Katherine Forrest: Right. And, as we previewed, the news about Mythos's capabilities caused some market reaction. And, so, there were a whole variety of companies that experienced real market reaction in response. So, the model isn't even released beyond the select partners in Glasswing, this Project Glasswing. So, why is it causing such a reaction? Lots of news articles, lots of these discussions. You know, we've got the Secretary of the Treasury calling for meetings. Let's talk a little bit about AI safety beyond the preview that we gave earlier. Most frontier labs have made certain kinds of commitments to evaluate their models to determine the level that they have of capability across certain domains. And cybersecurity is typically one of them. And, so, they look at what kinds of cyber risks their models might actually create. And then, in their system card, often talk about the level of risk. So, Anthropic, under their own responsible scaling policies, and some of their other policies, actually committed themselves to implementing various stages of safeguards and therefore they've taken the actions that they have here with Project Glasswing. But when we talk about a model's cyber capabilities and what it can do, we can be talking about all kinds of capabilities. We can talk about the way in which it can protect a company from any kind of exposure, but also we can be talking about ways in which bad actors can find and try to exploit vulnerabilities in software code. When you're talking about something like this Mythos Preview, or Project Glasswing, we're talking about really a project which is sufficiently important that only a few but a very large surface area of those companies that provide a sort of cyber attack surface area risk for us are being given access to this model so that they can harden against potential vulnerabilities early.

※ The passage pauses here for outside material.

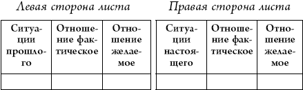 На правой половине большого листа вы должны описать ситуации текущей жизни, на левой – те, что случались в прошлом.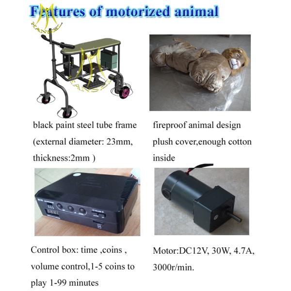 Plush motorized animal are also called walking animal bike ,battery animal car, ride on animal toys,4 wheels bikes, happy rides, mountable animals,plush toy on animal, animals electric toys, children play electric operated coin toys, electric toy cars for kids, toy rider coin animal , toys animal electric, stuffed animals that walk, motorized plush animals, zippy toy rides on animal, kids ride ,kiddy ride machine, battery operated toys ,animal walking toys, battery operated ride animals and so on. There are different animal designs with cool music which are attractive for players 1-101 years. They are goods investment for shopping malls, super-market ,parties, events,game centers, amusement park and play ground,etc.

Scott Caravello: And, so, from there, we can take a turn to talk a little bit about how the model's capabilities are evaluated and how other models are evaluated for cybersecurity capabilities. And, so, one typical method is called capture the flag, or “CTF” challenges. And capture the flag competitions are a long-standing practice in the world of cybersecurity. And they entail hiding a piece of data in a computer system such that the only way to find the data, or the quote–unquote flag, is to exploit a series of vulnerabilities in the system. And the CTF, the capture the flag, benchmarks here, work the same way, just under simulated or sandbox conditions. On one very commonly used CTF-style cyber benchmark for AI, Mythos received a 100% success rate across 35 distinct challenges, on every try. Meanwhile, in another benchmark that was focused on real-world vulnerabilities, Mythos leads Anthropic's formerly leading flagship model, Opus 4.6, by 16 points.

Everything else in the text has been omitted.